Australia Markets open in 49 mins

Warning of IoT security 'reckoning' ahead

Luke Costin

A risky culture of chasing profits at the expense of protecting customers will bring a "reckoning" on internet security for tech companies and users, the European Union's former top police officer says.

Rob Wainwright, who stepped down this month after nine years as the director of EU police agency Europol, said manufacturers of internet-capable devices have followed an overwhelming commercial imperative to be first to market and to get their latest inventions out as quickly as possible.

"As for security, it's 'let's release now and patch later' or very often 'release now and don't patch at all'," the former British intelligence analyst told the CeBIT Australia technology conference in Sydney on Tuesday.

"That has to change.

"There will be reckoning around how the internet is made more secure in the future."

Symantec's chief technology officer Hugh Thompson told the conference the "weaponising" of the internet of things has gone from something that could make a really good novel to a daily issue.

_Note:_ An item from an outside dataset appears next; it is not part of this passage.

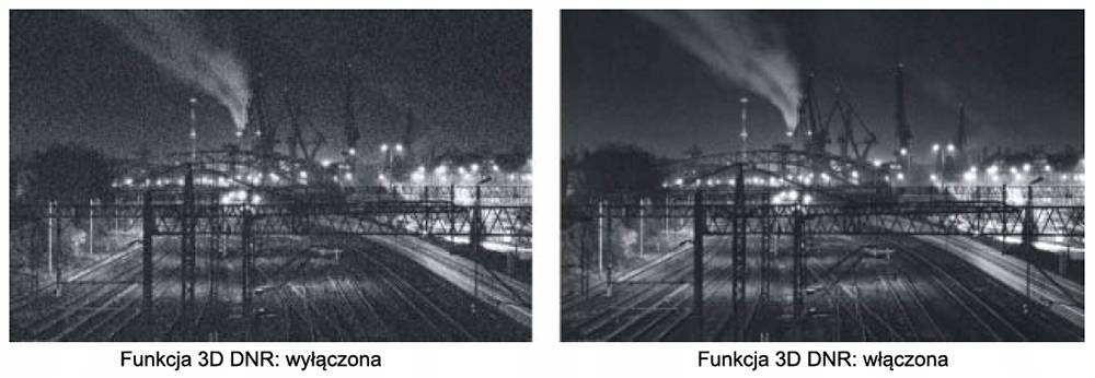 - DNR - (Digital Noise Reduction) - Cyfrowa redukcja szumów to system aktywnej ochrony obrazu przed ewentualnymi zakłóceniami mogącymi pojawić się w trakcie rejestrowania nagrań. Funkcja DNR nieustannie analizuje przechwytywane nagrania wykorzystując metodę porównawczą następujących po sobie klatek obrazu, jak i poszczególnych pikseli. Dzięki temu rozwiązaniu możliwe jest zapisywanie czystych i przejrzystych nagrań zarówno w dzień, jak i w nocy.

Internet-capable devices can be operated remotely, whether it be to inflict large-scale digital sieges, spy on users or operate in a dangerous fashion.

"It's becoming commonplace now to have pedestrian objects, such as your washing machine, connect to the internet," Dr Thompson said.

"These devices ... have moving parts, heating elements and can potentially flood the home."

Complicating the matter, most people can't sense danger on the internet as they can when walking in a rough neighbourhood, Dr Thompson said.

The cybersecurity executive suggested businesses make it easier for users to understand risks by placing labels on connected devices - similar to nutrition panels on food packs - that clearly identify potential cyber threats.

"They can see the utility, they can see the price but what about risk?" he said.

"When I look at a nutrition label ... I can say that candy bar is very delicious but maybe I shouldn't eat it.

"We can do the same thing with IoT devices."